# B&M Short Shifter install help



## JimmyJames (Feb 3, 2004)

Ok, how the hell do you get those front two bolts off the stock shifter. The instructions say you need a lift, but there's got to be a way to do it without one. I've tried getting under my car, but I don't really fit. . .Any suggestions?


----------



## 93blackSER (Feb 1, 2003)

basically, drop the tranny.


----------



## bobstaxi (Mar 30, 2004)

you could try drilling with a strep drill down through the sheet metal right over the top bolts...the you could use a 3/8 drive, an extension, and socket....this might be a bit much ......the last two bolts are the hardest thing, just use something as a lever and torque em real hard, easiest way


----------



## ronaldo (Feb 23, 2004)

i had to lower the tranny when i did it, pain in the ass just for a shifter
--- dude the b and m is so fuckin loud


----------



## JimmyJames (Feb 3, 2004)

Got the shifter installed about an hour after I started this thread. Just needed the right tool. 

The shifter is very loud. I notice it making noises even at low RPM's, and once you get above 5k game over. I like it quite a bit though. I'm enjoying it much more now that I put the stock shift knob on instead of the metal one B&M gives you. That knob was very uncomfortable, at least for me.


----------



## Glenn (San Jose (May 1, 2002)

JimmyJames said:


> Got the shifter installed about an hour after I started this thread. Just needed the right tool. .


Glad you got it. I used a ratchetening combination wrench to get to those bolts from the bottom of the car. I did not have to remove or lower the tranny to get to the bolts.




JimmyJames said:


> The shifter is very loud. I notice it making noises even at low RPM's, and once you get above 5k game over. I like it quite a bit though. I'm enjoying it much more now that I put the stock shift knob on instead of the metal one B&M gives you. That knob was very uncomfortable, at least for me.


I agree about the noise and that is why I removed my after only 1K miles. I put back the Tomei shifter that orignally came on my front clip, but I don't like the notchiness of this one and the difficulty of getting into first gear. So today, I took off the Tomei and am going to try a stock shifter for a while and see how that works out.

Glenn


----------



## ronaldo (Feb 23, 2004)

dude when i get into high rpm's it sounds like a fuckin civic inside my car, its ridiculous, 
wat would that be caused from though....?


----------



## vsp3c (May 15, 2003)

what do you mean it sounded like a civic?? civic is a car and so is your 240sx. are you talking crap about hondas??


----------



## drift240sxdragqueen (Oct 23, 2002)

ronaldo said:


> dude when i get into high rpm's it sounds like a fuckin civic inside my car, its ridiculous,
> wat would that be caused from though....?


 ur 2 inch piping exhaust


----------



## ronaldo (Feb 23, 2004)

you know the sound of a normal every day civic with some crappy aftermarket exhaust... thats wat i mean, and you cant deny the fact that its gonna sound like shit


----------



## ronaldo (Feb 23, 2004)

and no, im not talkin crap about hondas


----------



## runyun (May 2, 2003)

yup.. didn't have to drop anything. I used a racheting wrench to get the job done.

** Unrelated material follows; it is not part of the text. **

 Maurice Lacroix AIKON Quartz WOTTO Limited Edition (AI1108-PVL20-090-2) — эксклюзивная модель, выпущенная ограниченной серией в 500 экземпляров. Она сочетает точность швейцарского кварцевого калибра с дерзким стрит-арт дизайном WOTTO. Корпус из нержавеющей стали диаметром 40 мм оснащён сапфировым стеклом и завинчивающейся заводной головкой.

What version of the B&M did you get? The first one was known to be pretty loud ... the revised version is pretty quiet.

Also, for notchiness, make sure you have GL-4 rated gear oil in your tranny like the manual recommends. GL-5 (which is more common in stores) is not "good" for your tranny.. and makes it really notchy. It makes a world of difference (personal experience)

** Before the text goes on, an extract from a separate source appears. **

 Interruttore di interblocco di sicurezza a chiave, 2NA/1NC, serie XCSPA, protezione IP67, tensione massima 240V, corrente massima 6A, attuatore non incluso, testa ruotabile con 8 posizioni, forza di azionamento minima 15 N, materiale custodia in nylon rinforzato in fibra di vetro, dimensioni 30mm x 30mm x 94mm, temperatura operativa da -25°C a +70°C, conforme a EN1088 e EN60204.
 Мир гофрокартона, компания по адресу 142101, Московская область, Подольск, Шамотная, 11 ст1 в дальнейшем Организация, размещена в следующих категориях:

My B&M is super smooth... it literally just glides into every gear, and it's so precise.


----------



## ronaldo (Feb 23, 2004)

lol im not exactly sure which version i got


----------



## Loki (Jan 12, 2004)

i want a shifter like that!!!!!!!! lol how much are they/?


----------



## retaHadnoH (Apr 18, 2004)

for the future im gonna need one for the rb25 tranny. is this b/m short shifter stuff universal? sorry, dont know nothing bout short shifters being universal and no i didnt search cuz its not needed so while we on the subject, might as well ask.


----------



## ronaldo (Feb 23, 2004)

yea, on mine, i believe it says itll work with both sr motor and rb, i think 25, could be all thoguh


----------